# Meyers 6.5st commanche mount adapting to a YJ wrangler



## Premierplowing (Oct 8, 2009)

I recently bought a 95 wrangler at a steal and will be mounting my Meyer 6.5st that has a commanche mount on it....I know that its not the correct mount buy i've measured the frame rails and hypothetically it should be able to make it work. Anyone know if its been done b4 or should I just sell the existing mount and get the right one?. The plow is less than 6 mo's old and i paid 40% of a new one
Thanks for any input


----------



## watchamakalit (Jan 11, 2004)

I am not much help on the swap but if you decide to sell that comanche mount, let me know I am looking for one.


----------



## flykelley (Dec 29, 2003)

Premierplowing;860688 said:


> I recently bought a 95 wrangler at a steal and will be mounting my Meyer 6.5st that has a commanche mount on it....I know that its not the correct mount buy i've measured the frame rails and hypothetically it should be able to make it work. Anyone know if its been done b4 or should I just sell the existing mount and get the right one?. The plow is less than 6 mo's old and i paid 40% of a new one
> Thanks for any input


You will have to fab up a new one, I judt had that done last week.
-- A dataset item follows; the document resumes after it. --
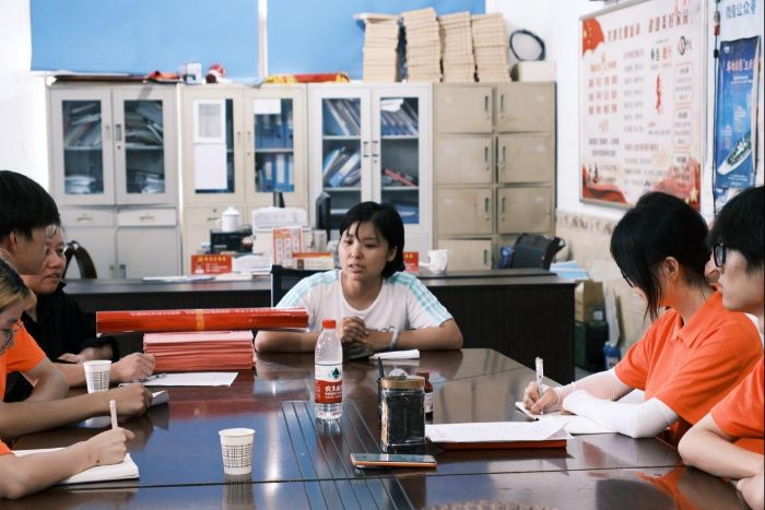 圖為“治水七星隊”與白箬鋪鎮黃泥鋪村村委會工作人員合影 政企聯動:摸清治理資金脈絡。團隊首站走進黃泥鋪村村委會,與村干部深入座談,系統梳理污水治理工程的資金構成與運作機制。從初期管網鋪設的財政補貼,到集中處理設施的運維資金來源,隊員們詳細記錄項目全鏈條的資金流轉邏輯,重點關注政策資金與村級自籌的配比結構,為分析金融工具的介入空間收集第一手資料。村干部介紹:“目前主要依賴上級撥款和村民少量付費,長期運維還需更穩定的資金渠道。”座談中,團隊特別詢問了村級集體經濟狀況、村民支付意愿的上限以及過往尋求社會資本合作的經驗與難點,初步評估了該村對創新融資模式的接受度和承載力。

Finding a mount for a YJ is like hitting the lotto and getting hit by lighting in the same day, chances are very small you will find a YJ mount.

Good Luck Mike


----------



## Premierplowing (Oct 8, 2009)

From the looks of it I should be able to make the Cherokee mount work with the YJ...the outside dimension of the framerails is 34 1/2" and the inside dimensions of the Cherokee mount are 34 1/2 as well, I may have to cut the mount a bit to get the mount up high enough, but I should be able to just drill some holes and bolt it up, no?


----------